April 27-May 1, 2024 | Sohaib Ahmad, Hui Guan, Brian D. Friedman, Thomas Williams, Ramesh K. Sitaraman
Proteus: A High-Throughput Inference-Serving System with Accuracy Scaling
This paper presents Proteus, a high-throughput inference-serving system that leverages accuracy scaling to meet varying query demands while maximizing system accuracy. Unlike traditional systems that rely on hardware scaling, Proteus adapts model accuracy instead of hardware resources to handle query demands. The system jointly optimizes three sub-problems: model selection, model placement, and query assignment. It also proposes a new adaptive batching algorithm to handle variations in query arrival times and minimize SLO violations. Proteus is evaluated on real-world and synthetic traces, showing that it reduces accuracy drop by up to 3× and latency timeouts by 2-10× compared to baseline schemes while meeting throughput requirements.
The system is designed to handle varying query demands by selecting the appropriate model variants, placing them on heterogeneous devices, and assigning query workloads to each device. The adaptive batching algorithm dynamically determines the optimal batch size based on queue conditions to minimize SLO violations. Proteus decouples the control and data paths of inference-serving to perform optimal resource allocation asynchronously from query serving. This allows the system to handle micro-scale variations in query arrival times effectively.
Proteus is evaluated against three state-of-the-art inference-serving systems, INFaaS, Sommelier, and Clipper, using query workloads derived from a real-world Twitter trace and synthetic traces. The experiments show that Proteus improves system throughput by 60% and reduces SLO violations by 10× due to accuracy scaling. Compared to baselines that also scale accuracy, Proteus minimizes accuracy drop by up to 3.2× and reduces SLO violations by up to 4.3× due to better resource allocation and batching algorithms.
The key contributions of this work include: (1) a theoretical framework for resource management of an inference-serving system that exploits accuracy scaling to ensure that the system throughput is sufficient to meet the query demand while maximizing system accuracy; (2) a proactive adaptive batching algorithm that can handle query load fluctuations effectively via a non-work-conserving approach; and (3) the design of Proteus, a high-throughput inference-serving system with accuracy scaling.
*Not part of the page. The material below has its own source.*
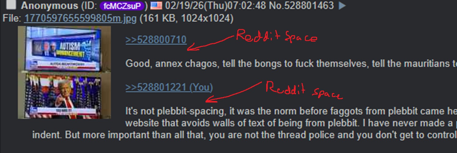 >>528800710Good, annex chagos, tell the bongs to fuck themselves, tell the mauritians to fuck themselves, problem solved >>528801221It's not plebbit-spacing, it was the norm before faggots from plebbit came here and knew how posting works on that website and used this extensive knowledge of and familiarity with the reddit UI which caused them to accuse people who use the only type of formatting allowed on this website that avoids walls of text of being from plebbit. I have never made a plebbit post on my life and still don't entirely understand why they need to hit enter after each line which by the way is also not the same as double spacing between paragraphs to compensate for the inability to indent. But more important than all that, you are not the thread police and you don't get to control how other posters format their posts, touch grass and/or kys ty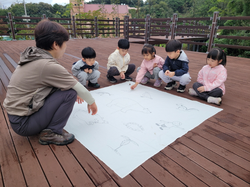 유아들은 시원한 가을바람을 맞으며 숲을 산책하고 가을이 되어 달라진 아름다운 풍경을 감상했다. 숲길에 가득 떨어진 도토리를 주워 도토리 팽이를 만들기도 하고 예쁜 색깔의 꽃과 나뭇잎을 모아 손수건을 물들여 보며 손수건에 가을의 색을 담아보았다. 유아들은 직접 만든 팽이와 손수건을 자랑하며 “제 손수건은 단풍잎 색이예요!”, “도토리 팽이가 진짜 잘 돌아가요!”라며 즐거움을 표현했다. 또한 넓은 잔디밭에서 친구들과 함께하는 달리기와 잡기놀이 시간은 유아들에게 큰 즐거움을 주었다. 김천신일초병설유치원은 녹지로 둘러싸인 자연환경 속에서 매주 목요일 숲놀이 및 산책활동을 실시하여 유아들이 자연 속에서 놀이하며 건강한 신체·정서발달을 토대로 전인적 성장을 하는 데 교육중점을 두고 있다. |

Proteus is the first system to study accuracy scaling in a cluster setting. The system is evaluated on a production system used by actual users within a large enterprise and shows that it reduces accuracy drop by up to 3.2× and SLO violations by 2.8-10× compared to state-of-the-art baselines while meeting throughput requirements. The simulation results closely match the results from the production system.Proteus: A High-Throughput Inference-Serving System with Accuracy Scaling
This paper presents Proteus, a high-throughput inference-serving system that leverages accuracy scaling to meet varying query demands while maximizing system accuracy. Unlike traditional systems that rely on hardware scaling, Proteus adapts model accuracy instead of hardware resources to handle query demands. The system jointly optimizes three sub-problems: model selection, model placement, and query assignment. It also proposes a new adaptive batching algorithm to handle variations in query arrival times and minimize SLO violations. Proteus is evaluated on real-world and synthetic traces, showing that it reduces accuracy drop by up to 3× and latency timeouts by 2-10× compared to baseline schemes while meeting throughput requirements.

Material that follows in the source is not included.